Мужчина ходил вокруг Тарзана, примеряясь к противнику. Он состроил свирепую рожу, явно желая устрашить белого.

– Вон дверь, варвар, – гортанно выкрикнул он, махнув рукой вглубь арены. – Беги, пока жив.

Толпа разразилась одобрительным смехом. Такие шутки были в ее вкусе.

– Я разорву тебя на куски! – заорал убийца. Публика снова зааплодировала.

– Да нет, я, пожалуй, останусь, – невозмутимо произнес Тарзан.

– Уноси ноги! – взревел убийца.

Нагнув голову, он двинулся в атаку, словно рассвирепевший бык.

Неожиданно человек-обезьяна в прыжке налетел на своего противника. Все произошло так внезапно и стремительно, что никто, кроме самого Тарзана, не понял, что же случилось. Один он знал, как свернул убийцу жгутом.

Толпа увидела лишь конечный результат – рухнувшую на землю массивную фигуру, которая осталась лежать на песке полуоглушенная, и стоявшего над ней гиганта-варвара, скрестившего на груди руки.

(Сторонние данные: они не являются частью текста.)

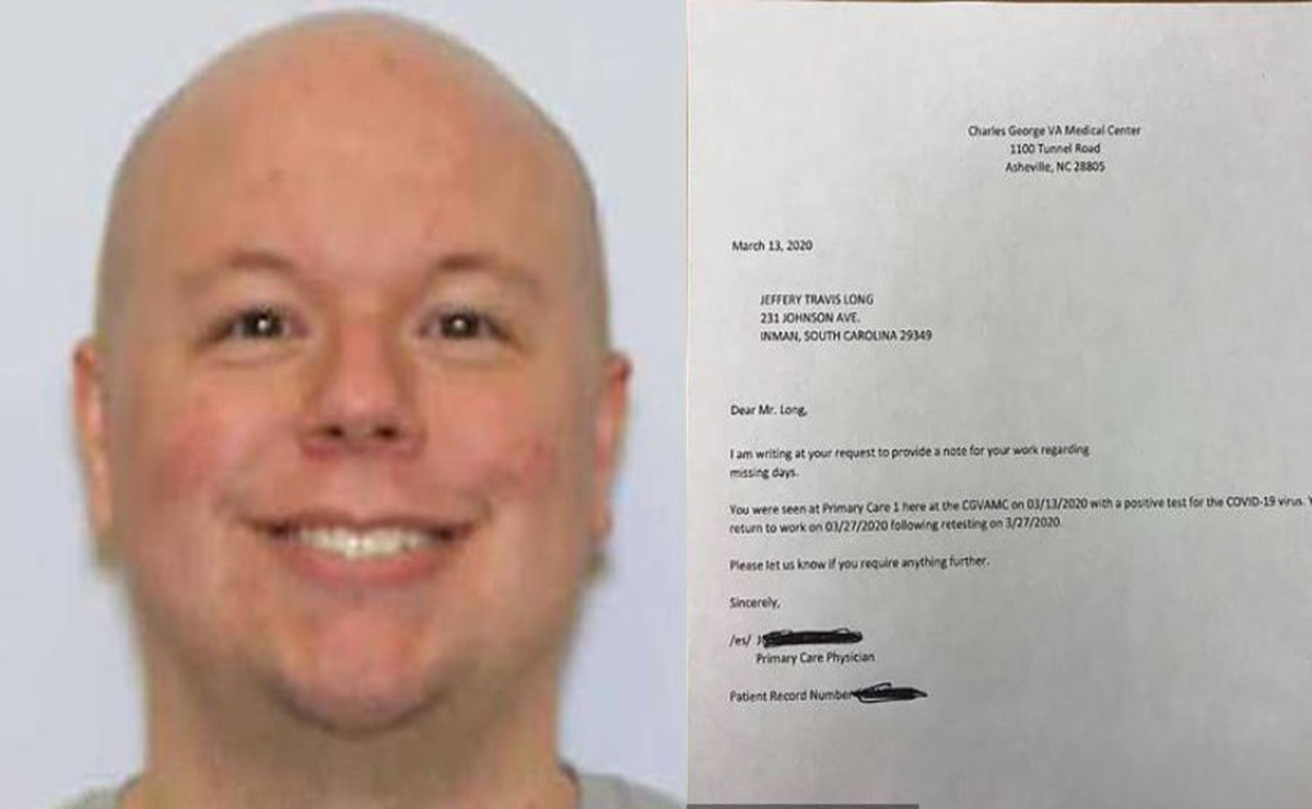 SPARTANBURG, S.C. – Jeffrey Travis Long, 31, A South Carolina man was facing charges after being accused of forging a doctor's note saying he had tested positive for the coronavirus and presenting it to his employer which shut down for five days for disinfecting. pic.twitter.com/PWinNP1xKk
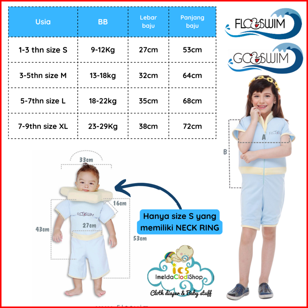 Floswim Goswim Baju Renang Mengapung Anak Cuddle Me Usia 1 2 3 4 5 6 7 8 9 Tahun Size S M L Xl
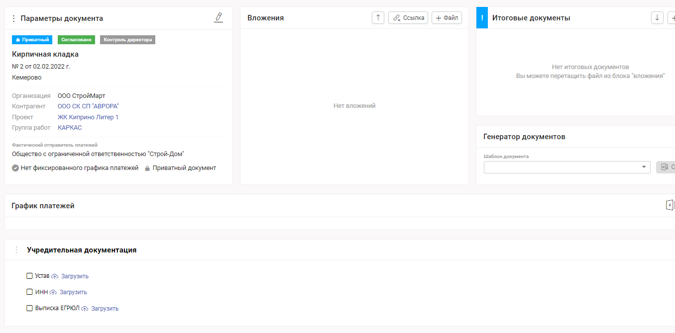 Настройка "Нет фиксированного графика платежей" включается автоматически, при создании дополнительного соглашения
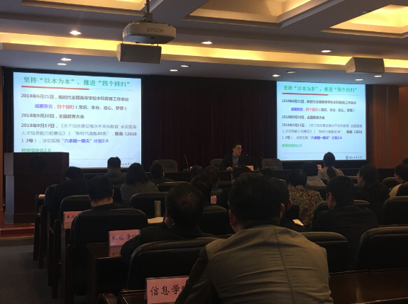3月27日,受生化学院和教务处联合邀请,浙江工业大学艾宁教授做客我校教学发展论坛,指导虚拟仿真实验教学项目建设和工程教育专业认证工作。生化学院院长王永江、教务处副处长陈烨、陈红叶、生化学院副院长黄俊、吴元锋以及全校各相关学院共100余位师生参加了本次论坛。生化学院副院长刘赫扬主持论坛。艾宁教授作了两场精彩的报告。
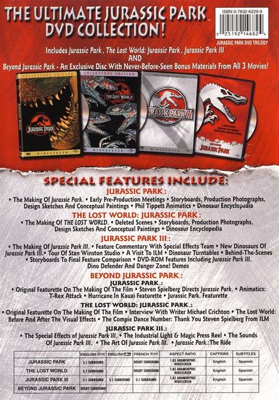 Box Set Includes: Jurassic Park I, II, III & Bonus Features Disc "Beyond Jurassic Park". These movies not sold individually. All discs and Packaging are in excellent condition.

Переменчивая в своих настроениях публика повскакивала с мест, вопя от удовольствия.

– Абст! – кричала она.

В воздухе взметнулись тысячи кулаков, указывая большим пальцем вниз. Тарзан неподвижно ждал, пока убийца, тряся головой, чтобы прояснить сознание, медленно вставал на ноги.

Соперник огляделся по сторонам помутневшими глазами, увидел Тарзана и с яростным воплем бросился на него.

Попав снова в страшные тиски, он опять очутился на земле.

Толпа ревела от удовольствия. Все до единого в Колизее показывали большим пальцем вниз, требуя, чтобы Тарзан прикончил своего противника. Человек-обезьяна обратил взор к ложе Сублатуса, где находился распорядитель игр.

– Может, достаточно? – спросил Тарзан, указывая на распростертую фигуру потерявшего сознание гладиатора.

Префект обвел рукой трибуны.

– Они хотят его смерти, – сказал он. – Если он останется в живых, ты не будешь победителем.

– Цезарь тоже требует, чтобы я убил беззащитного человека? – спросил Тарзан, глядя Сублатусу прямо в глаза.

– Ты слышал, что сказал благородный префект, – презрительно процедил император.

– Хорошо, – сказал Тарзан, – правила схватки будут соблюдены.

Наклонившись, он сгреб в охапку тело бесчувственного противника и поднял над головой.

– Вот так я вынес вашего императора из дворца! – крикнул он зрителям.

Последовавшая буря восторга явно говорила о том, насколько чернь ценит вызов Тарзана, между тем как цезарь попеременно то бледнел, то багровел от ярости. Он собрался встать со скамьи, но что бы у него ни было на уме, сделать это ему не удалось: в этот момент Тарзан раскачал тело противника, словно громадный маятник, и мощным движением метнул вверх, за перила ложи, прямо в Сублатуса, повалив цезаря на землю.

– Я жив и один на арене, – крикнул Тарзан, обращаясь к публике. – Согласно правилам игр, я – победитель.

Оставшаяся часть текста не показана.